In the output of the fuse function the last to points are fused. This will look like:

#output
array([[  382.49056159,   640.1731949 ],
   [  496.44669161,   655.8583119 ],
   [ 1255.64762859,   672.99699399],
   [ 1070.16520917,   688.33538171],
   [  318.89390168,   718.05989421],
   [  259.7106383 ,   822.2       ],
   [  141.52574427,    28.68594436],
   [ 1061.13573287,    28.7094536 ],
   [  813.64416975,    96.390051175]])

Answer 1

If you have a large number of points then it may be faster to build a k-D tree using scipy.spatial.KDTree, then query it for pairs of points that are closer than some threshold:

import numpy as np
from scipy.spatial import KDTree

tree = KDTree(points)
rows_to_fuse = tree.query_pairs(r=30)    

print(repr(rows_to_fuse))
# {(8, 9)}

print(repr(points[list(rows_to_fuse)]))
# array([[ 820.57417943,   84.27702407],
#        [ 806.71416007,  108.50307828]])

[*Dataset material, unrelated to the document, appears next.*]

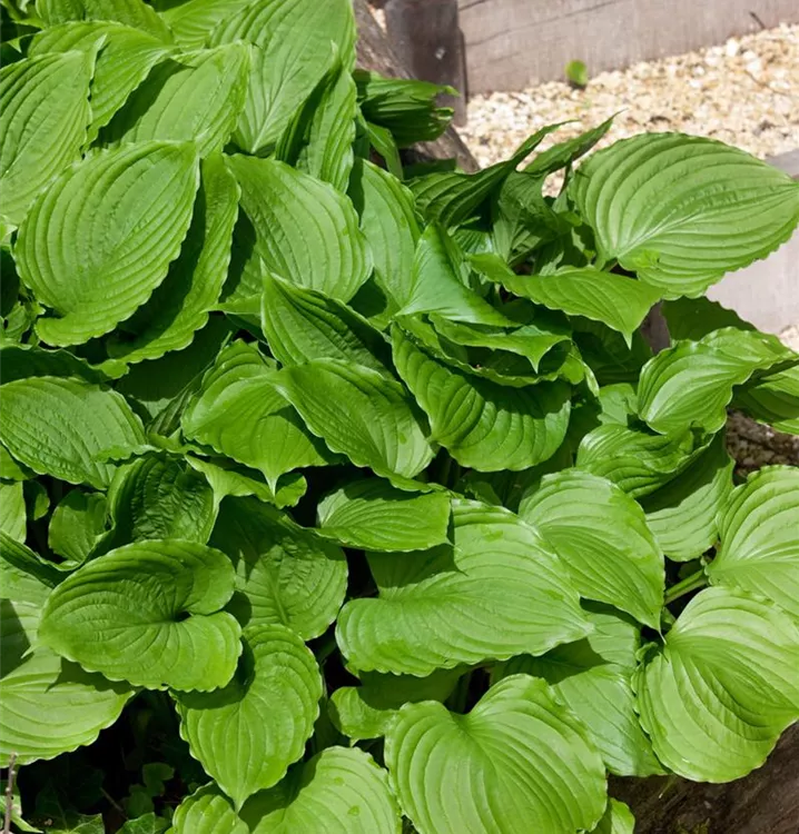 Hoher Blattschmuckwert. Die sommergrünen Blätter der Glocken-Funkie sind dunkelgrün, herzförmig, grundständig, ganzrandig.

The major advantage of this approach is that you don't need to compute the distance between every pair of points in your dataset.

Answer 2

You can use scipy's distance functions such as pdist in order to quickly find which points should be merged:

import numpy as np
from scipy.spatial.distance import pdist, squareform

d = squareform(pdist(a))
d = np.ma.array(d, mask=np.isclose(d, 0))
a[d.min(axis=1) < 30]
#array([[ 820.57417943,   84.27702407],
#       [ 806.71416007,  108.50307828]])

NOTE

For large samples this method can cause memory errors since it is storing a full matrix containing the relative distances.